Explico-me. Tal expressão era repetida frequentemente por um meu professor, por sinal bem competente na matéria que ministrava e sem papas na língua, isto é, dizia frontalmente a nós, alunos, o que achava conveniente no momento para nos chamar à atenção sobre a necessidade de mais estudo, concentração, juizinho e tudo quanto pudesse prender-se com o nosso crescimento pessoal moral, cultural, psíquico, anímico.
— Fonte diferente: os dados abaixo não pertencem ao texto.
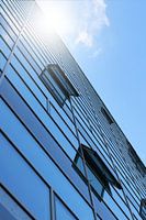 Omhoog kijkend naar de glazen gevel van een modern kantoorgebouw met enkele ramen open vanwege de hitte in Berlijn
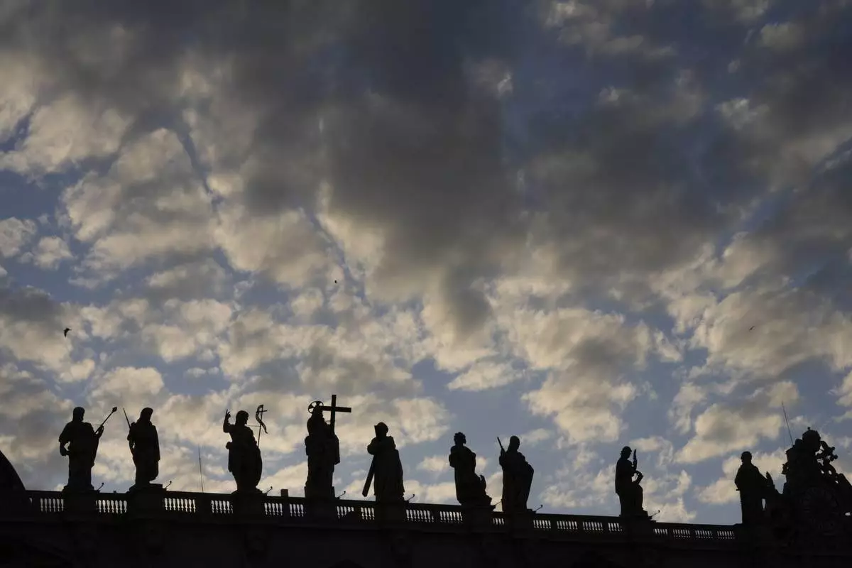 Statues of the Bernini Colonnade are silhouetted against a cloudy sky during the cardinals' conclave to elect a new pope, at the Vatican, Wednesday, May 7, 2025. (AP Photo/Luca Bruno)

Entretanto, ríamo-nos um pouco disso, mas estamos gratos porque sempre nos ajudou a ter outras atitudes eficientes e produtivas para basear na honestidade o caminho que desejávamos fazer.

Então, quando as nossas respostas, escritas ou faladas, durante as aulas, mostravam o nosso pouco ou nenhum empenho na preparação das mesmas e saíam verdadeiras burrices, logo o dito professor se nos dirigia com “cada cavadela, cada minhoca”, que significava a necessidade de mudarmos o comportamento académico ou aquele lugar não servia para nós. Precisávamos, portanto, de estudar a sério para enfrentar a vida com saber e prudência e não seria muito difícil perceber que, se não preparássemos as lições, o chumbo caía, ridículo, certeiro e mortal. Por conseguinte, nada de aventuras aéreas e mal precatadas.

Daí que, certamente, cada um de nós procurará, no presente, acertar os passos da vida ou trabalho e sociabilidade para não desabarmos no destempero de não atinarmos com as posições assumidas, diante de uma sociedade atenta, crítica e acerba que dá logo parecer desfavorável diante de quaisquer propostas, tornadas realidade e dirigidas ao uso ou vida de todos.

Os erros, é certo, são um apêndice natural da pessoa humana, como ainda dos grupos organizados que até trabalham em prol do bem colectivo – ou deviam trabalhar. Mesmo atendendo a isso, no que diz respeito a determinadas tarefas, nem todos os indivíduos poderão estar habilitados, por variadíssimas razões sérias. Podem desconhecer o sector para onde são chamadas ou se candidatam e, a acontecer, deveriam, de imediato e com hombridade, dizer não ao lugar. Porque as incumbências sugeridas são importantes, exige-se aos candidatos analisarem os seus comportamentos anteriores pois é possível que surjam antecedentes que não se coadunem com o que vão passar a desempenhar. Aqui, a consciência séria e tranquila tem um papel fundamental. Pois, na verdade, lá diz o Evangelho – para quem o segue e nele acredita – «Quem é fiel no pouco também é fiel no muito; e quem é infiel no pouco também é infiel no muito. Se, pois, não fostes fiéis no que toca ao dinheiro desonesto, quem vos há-de confiar o verdadeiro bem? E, se não fostes fiéis no alheio, quem vos dará o que é vosso»? (Lc.16/10-12).

Ora, ninguém irá ousar, supomos e alvitramos, desempenhar algo de importante na sociedade, se sabe que tem o “rabo trilhado” em falcatruas, desfalques, contrabandos, poderes de influência, negociatas obscuras, compadrio, quer dizer, e resumindo, quem se abriga debaixo de telhados de vidro reluzente, mas frágil.

Há olhos sempre atentos de gente que conhece bem os esconderijos e os meandros mais recônditos desta sociedade ladina e felina.

E quem, conhecendo, admite quaisquer destas circunstâncias negativas é conivente e também não está apto a gerir nada, até, e sobretudo, um Governo seja de qual for o país.

Confrangem as notícias esclarecedoras, em todos os dias. Logo que acordamos, deparamos com as novidades sobre alguém das altas esferas de ministérios, secretariados, administrações, autarquias e sei lá quantos outros furos a atropelarem-se por ocupar cadeiras muito afins àquelas em que, anteriormente, chafurdaram num misto de podridão e desaforo.

Convenhamos, como conclusão pensada, que o dinheiro gasto em indemnizações forçadas vai escassear nas famílias e isso causa fome, injustiça, desagrado e, quiçá, revolta.

Por esse motivo nunca nada nos obrigará a parar na rua e aclamar quem, presidindo ou segurando os estandartes, integra a procissão.

Razão bastante e suficiente assistia o meu professor de Latim para nos acautelar sobre as nossas teimosias bacocas e asnices, envergonhando-nos com “cada cavadela, cada minhoca”.